天気がいいから今日は探偵小説でも読もうーーある中年編集者が日々探偵小説を読みまくり、その感想を書き散らかすページ。

 

風間賢二『怪異猟奇ミステリー全史』(新潮選書)

 風間賢二の『怪異猟奇ミステリー全史』を読む。
 著者は怪奇幻想文学関係の評論や翻訳でお馴染みの方。本作も表面的にはミステリの歴史を追うというスタイルではあるが、あくまで怪奇幻想文学サイドに立った視点で語られ、その時代の文化と絡めて解説されるるのが著者ならではといったところだ。膨大な資料や知識に裏打ちされた内容ながら、文章はわかりやすく、一般的なミステリ史ではなく文化史の側面も持つミステリの歴史が楽しめる。

怪異猟奇ミステリー全史

 興味深いところはいろいろあるが、まずは構成。いわゆるミステリ史の解説本だと普通はエドガ・アランポーから始めるところだが、本書ではポー以前のゴシックからスタートさせている。
 さらには、それが西洋でどのように変遷し、日本に伝わってどのような影響を与えてきたかという流れで解説する。世界のミステリ史や日本のミステリ史を解説した本はあるが、海外から日本へとそのままつながる形は珍しい。だから目次も前半は海外の話、後半は日本の話が中心となる。これが点ではなく、あくまで線として流れで捉えて解説しているので、そこまで違和感はない。

 内容的には著者が明らかに力を入れている第一章、第二章に注目したい。この二つの章はポー以前の探偵小説夜明け前の時代、ゴシック小説の起こりから解説している。個人的にも昨年からこの時代の関連作品を読み進めていることもあって非常に面白く読めた。
 そもそもこの時代の文学についてはもちろん王道の評論などはあるのだけれど、ミステリとの関連で語ってくれるものは少なく、そういう意味でもありがたい。レジス・メサックの『「探偵小説」の考古学』もいつ読もうかと思っていたが、ちょうどいいタイミングで背中を押してもらった感じだ(笑)。

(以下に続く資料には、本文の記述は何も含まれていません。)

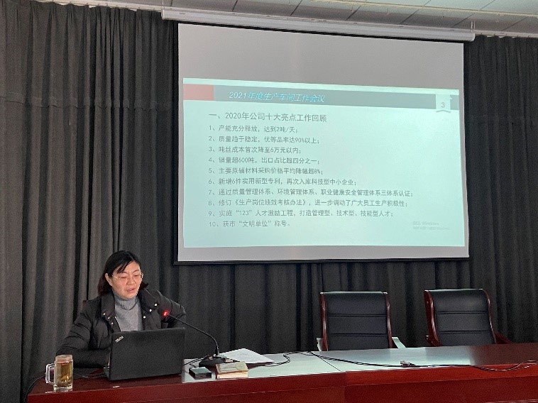 會上,公司副總經理王爽芳總結了2020年公司十大亮點工作,部署2021年生產重點工作。公司總經理助理李洋總結了2020年生產車間管理工作,提出車間2021年“5S”管理目標。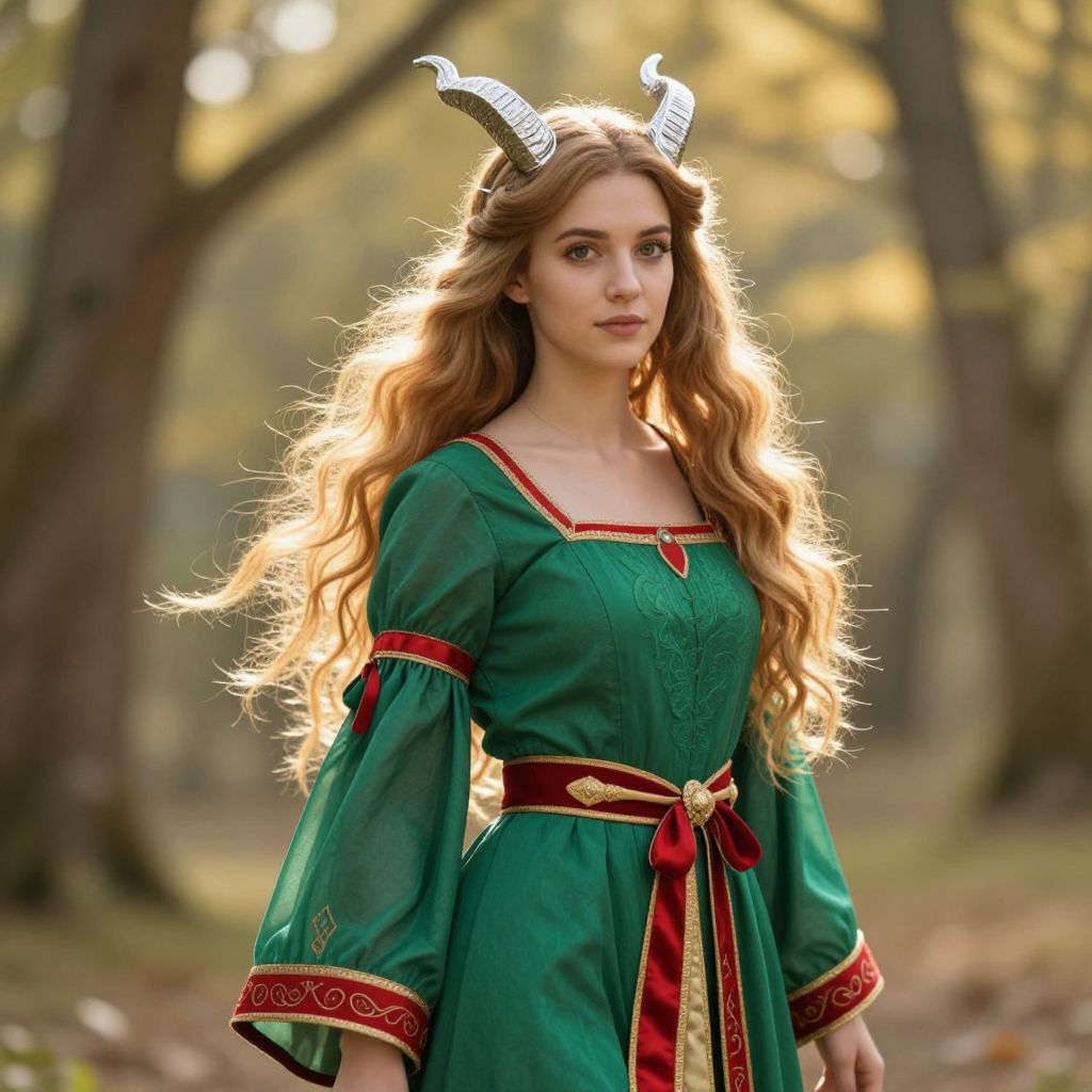 A beautiful young woman with long, flowing hair and delicate features, adorned with elegant silver horns on her head that shimmer subtly in the light. She wears a vibrant green dress with intricate red accents along the sleeves and hem, and a rich red and gold belt that ties securely at her waist, adding a touch of regal elegance. Her expression is calm and confident, standing in a sun-dappled forest clearing with soft golden light filtering through the trees, creating a mystical and enchanting atmosphere.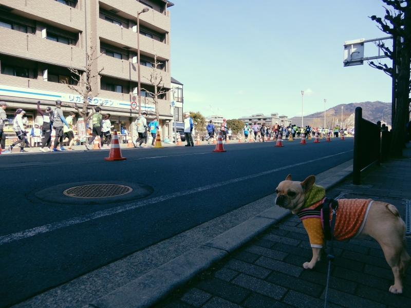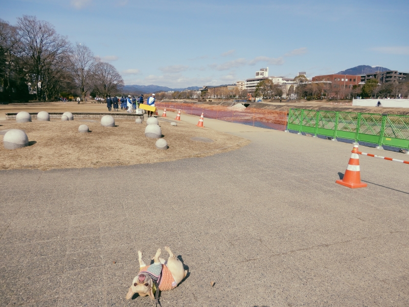 JUGEMテーマ:フレンチブルドッグ 京都マラソンのあと。 昨日は、天候にも恵まれ最高のマラソン日和だったのではないかな。 13時ごろには、徐々に交通規制が解除され、うちの近所もいつも通りに。 車道に車が走っていたので、ハンちゃんとお散歩に行きましたよー。 いつもの鴨川は、、 なんだか雑然としていて、人も多い。 京都マラソンのスタッフの方々が、後片付けをしていました。 さらに北のほうへ。 すっきりと片付いていま...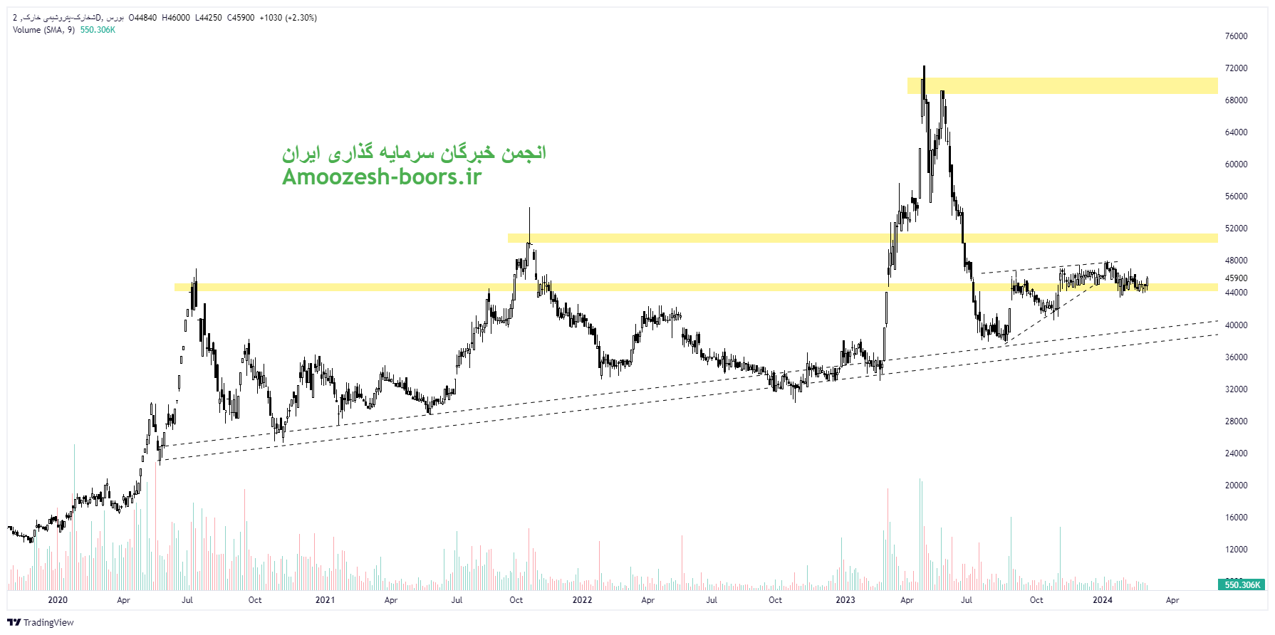 سهم شخارک با قرار گرفتن بر روی حمایت ناحیه 4400 تومان مورد حمایت و تقاضای بازار قرار گرفته و اکنون در صورت حفظ تقاضای بوجود آمده در کلیت بازار میتواند حرکت صعودی خود را به سمت مقاومت های ناحیه 5100 و 6900 تومان ادامه دهد. همچنین درصورت افت تقاضا و برگشت مجدد سهم، حمایت های مهم 4400 و 4000 تومان پیش روی سهم قرار دارند.

 なお、先に書いたとおり本書はあくまで怪奇幻想文学サイドに立ったミステリ史である。一般のミステリ史を読むつもりだと、ちょっと当てが外れるだろうからその辺はご注意を。
 まあ知らずに読んだとしても、本書は数々の怪奇小説や幻想小説、ミステリが紹介されており、ブックガイドとしても有効なのでまったく問題ないとは思うが。
 個人的にも未読が多いが、まずは元祖『オトラントの城』を再読したい気持ちが強くなってきたなぁ。それから『ユドルフォ城の怪奇』あたりか、それともジェイン・オースティン。ううむ宿題が増える一方だ。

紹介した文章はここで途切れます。